Filme, die die Aufarbeitung von historischen Ereignissen thematisieren sind eine problematische Angelegenheit. Zahlreiche Beispiele der jüngeren Kinogeschichte (z.B. Goodbye Lenin, Der Untergang, Sophie Scholl) stellen unter Beweis, dass es gerade in Deutschland nach wie vor großes Interesse an historischen Stoffen gibt, und im Falle des Stasi-Dramas Das Leben der Anderen, dass deutsche Kinoproduktionen auch international Aufsehen erregen können.
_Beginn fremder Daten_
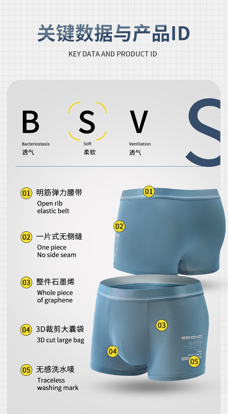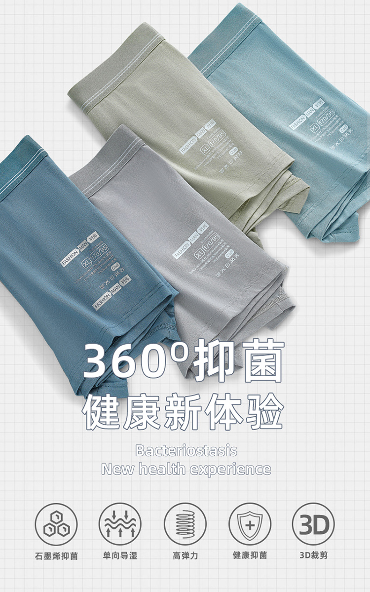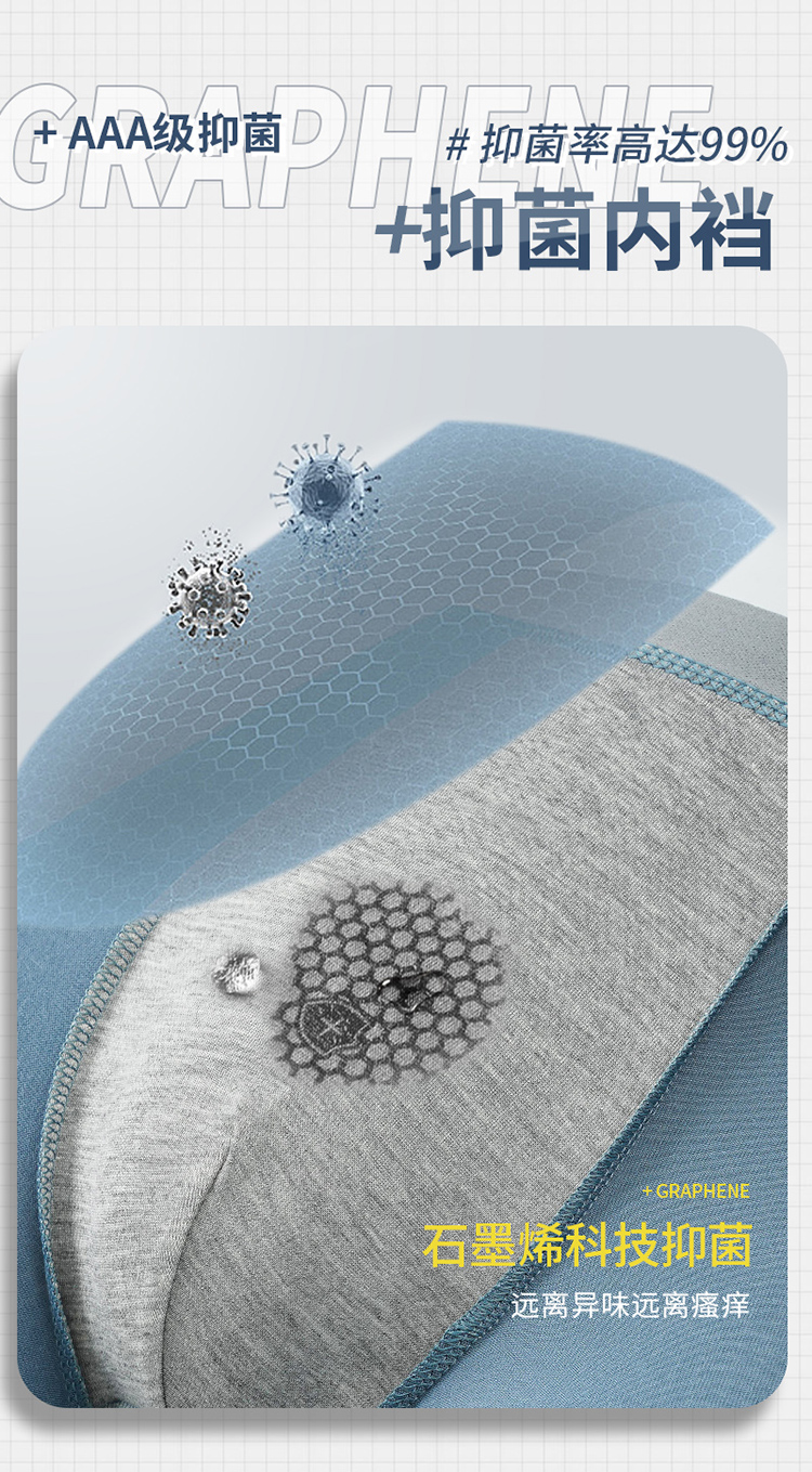 【360°石墨烯抑jun】新款男士石墨烯护卫裤 莫代尔无痕四角裤抗jun中腰高弹大码内裤男

Das weiß auch Bernd Eichinger, der vielleicht erfolgreichste deutsche Filmproduzent, weshalb sein neuestes Werk, dass unter der Regie von Uli Edel entstand, die Geschichte der RAF in den Mittelpunkt stellt. Im Vorfeld ist viel über den Film diskutiert worden und die positive und negative Kritik lieferten sich ein heißes Duell, ob der Film nun gut, vertretbar oder unzumutbar sei. Muss man im Jahr 2008 einen Film präsentieren, der den Mythos der Terrororganisation zum gefühlten 100sten Mal wieder aufleben lässt?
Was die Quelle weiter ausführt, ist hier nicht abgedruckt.